*THE DATA*:
# # # #

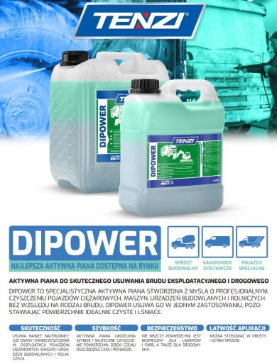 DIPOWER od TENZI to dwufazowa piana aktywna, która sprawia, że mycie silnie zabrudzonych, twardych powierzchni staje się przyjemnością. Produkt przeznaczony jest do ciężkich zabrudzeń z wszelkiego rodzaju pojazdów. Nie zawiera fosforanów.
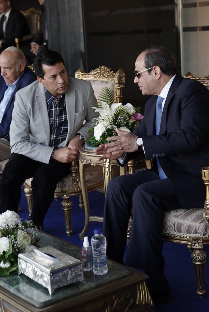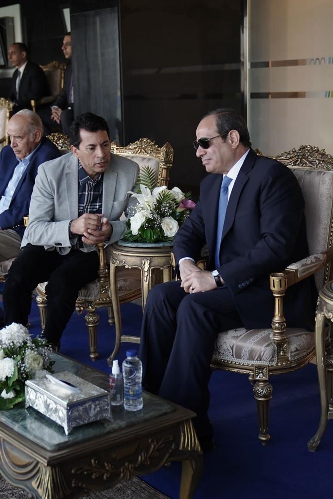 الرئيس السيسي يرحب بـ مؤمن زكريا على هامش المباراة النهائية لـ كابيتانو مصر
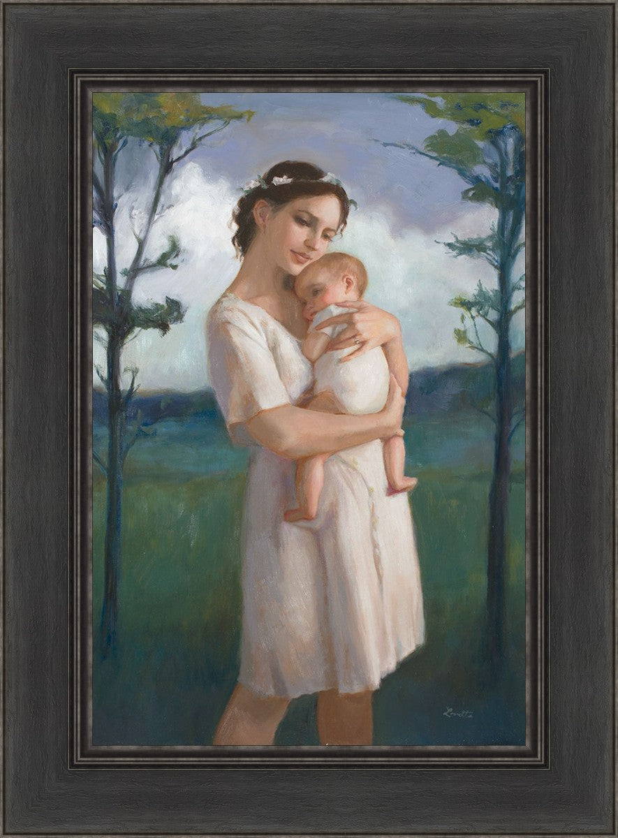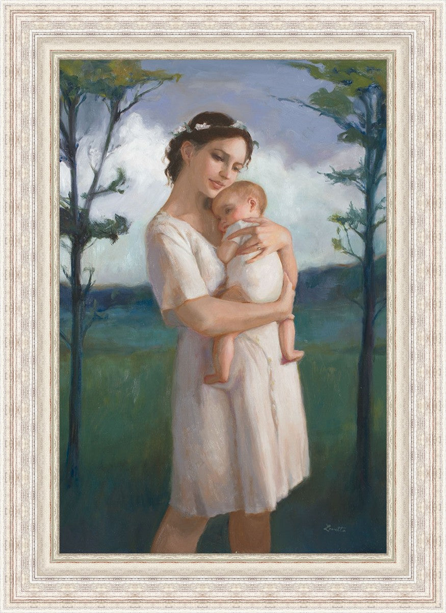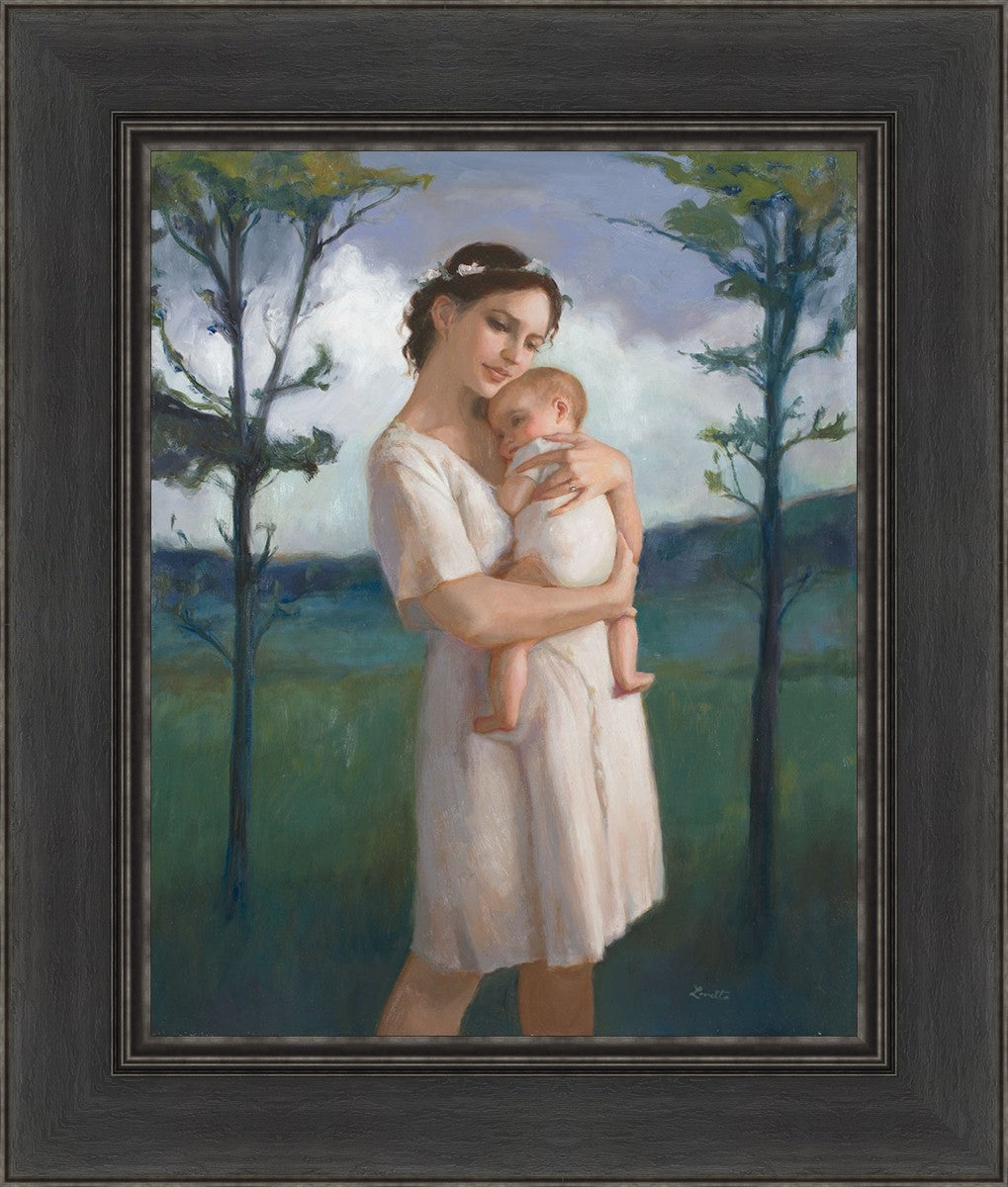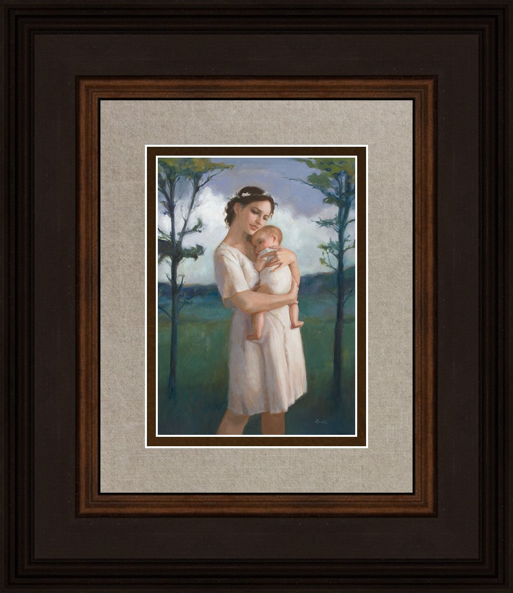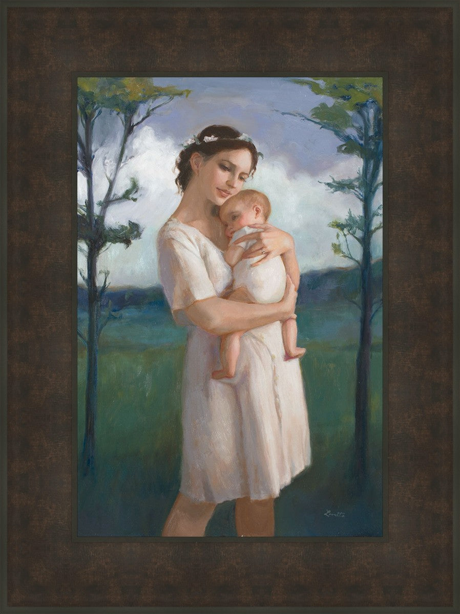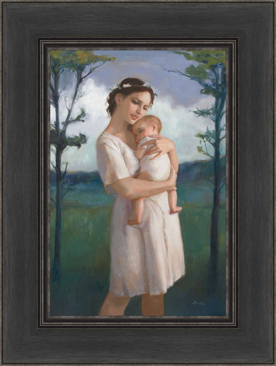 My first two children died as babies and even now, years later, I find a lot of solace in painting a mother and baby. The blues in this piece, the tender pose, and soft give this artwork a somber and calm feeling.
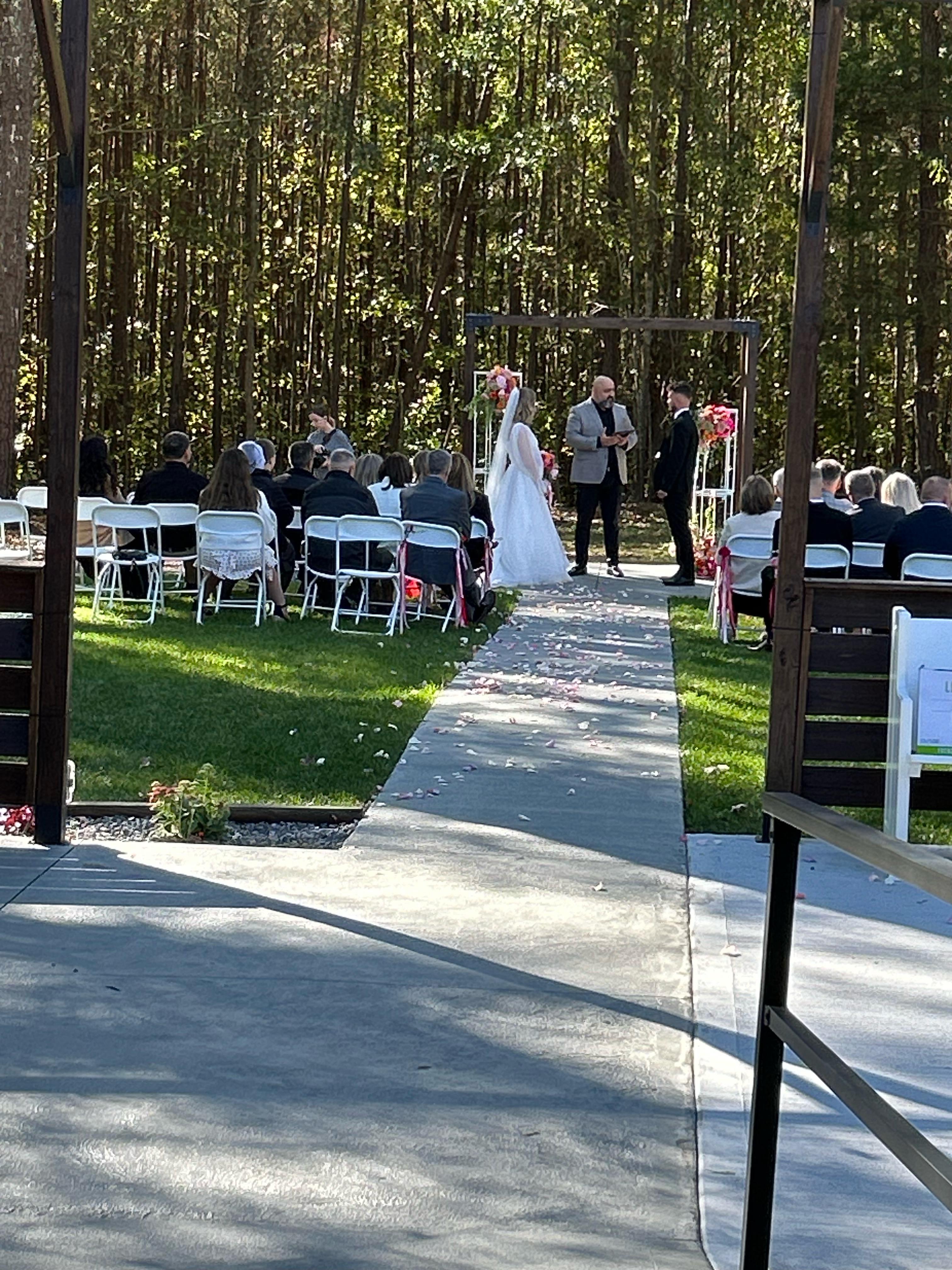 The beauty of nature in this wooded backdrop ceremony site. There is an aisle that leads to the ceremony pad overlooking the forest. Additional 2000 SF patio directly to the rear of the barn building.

# # # #

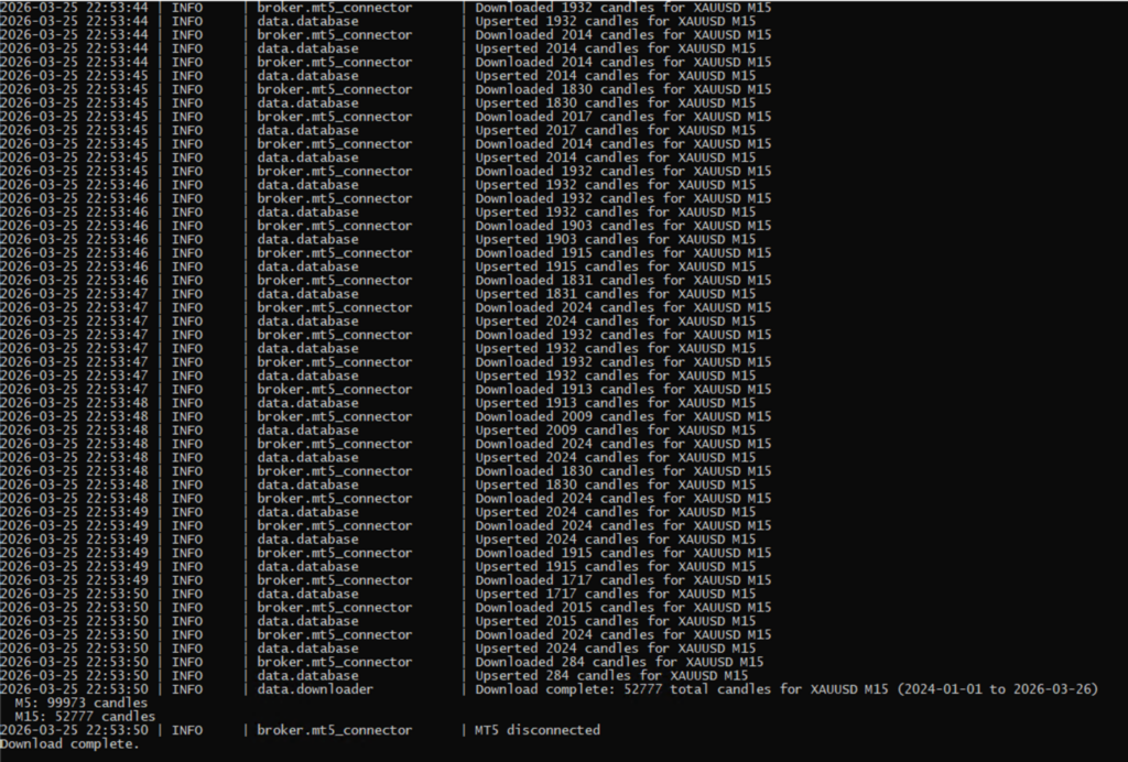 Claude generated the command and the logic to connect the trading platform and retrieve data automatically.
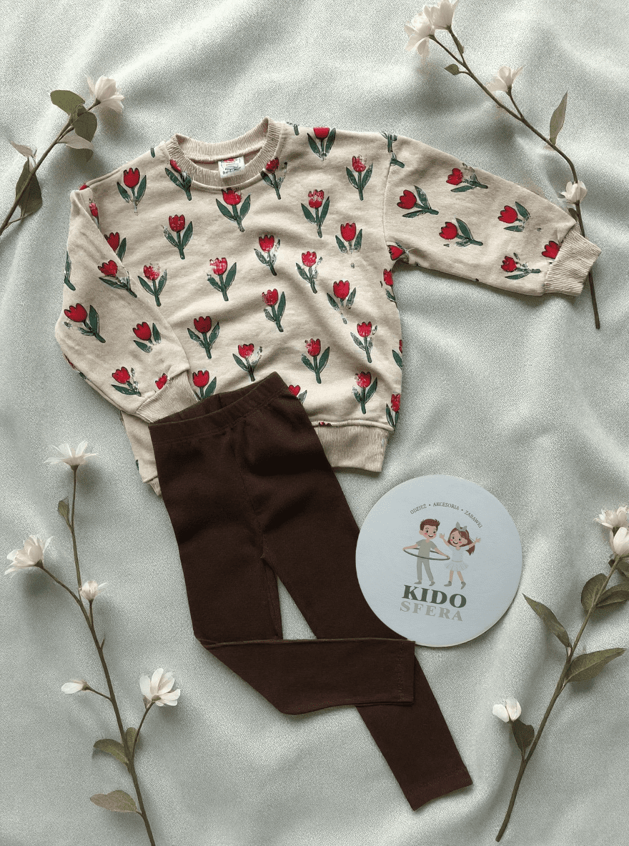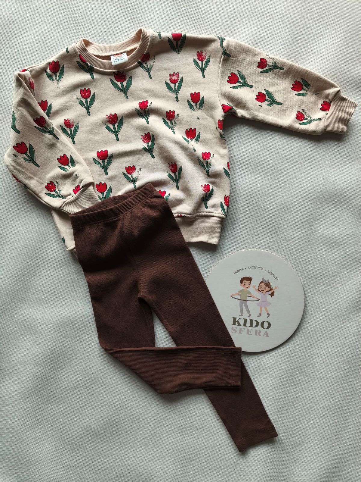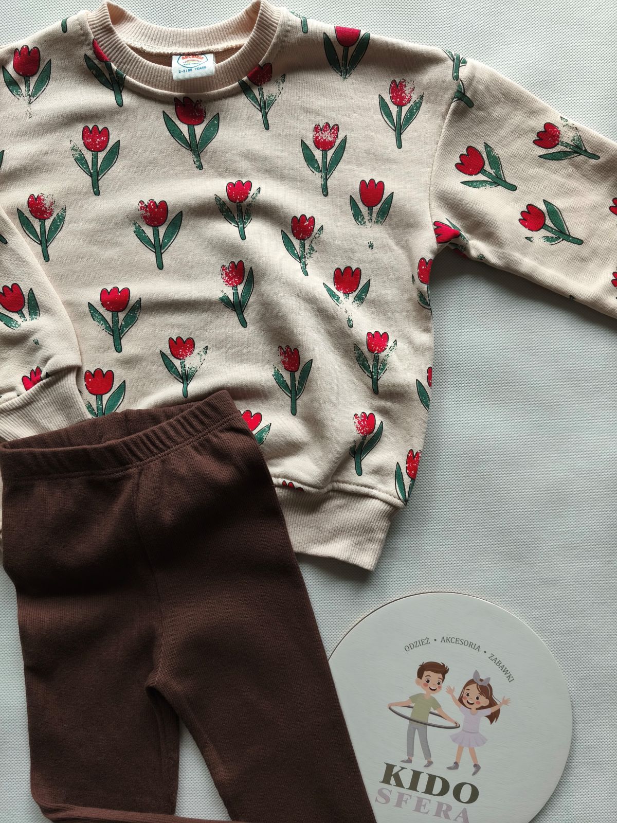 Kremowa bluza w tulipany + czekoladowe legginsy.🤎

# # # #

*WORK TASK*:
Exercise for the records above: copy only the lines from the one with "DIPOWER od TENZI" to the one with "The beauty of", both ends kept, and drop the pictures.

*RESPONSE BELOW*:
 DIPOWER od TENZI to dwufazowa piana aktywna, która sprawia, że mycie silnie zabrudzonych, twardych powierzchni staje się przyjemnością. Produkt przeznaczony jest do ciężkich zabrudzeń z wszelkiego rodzaju pojazdów. Nie zawiera fosforanów.
 الرئيس السيسي يرحب بـ مؤمن زكريا على هامش المباراة النهائية لـ كابيتانو مصر
 My first two children died as babies and even now, years later, I find a lot of solace in painting a mother and baby. The blues in this piece, the tender pose, and soft give this artwork a somber and calm feeling.
 The beauty of nature in this wooded backdrop ceremony site. There is an aisle that leads to the ceremony pad overlooking the forest. Additional 2000 SF patio directly to the rear of the barn building.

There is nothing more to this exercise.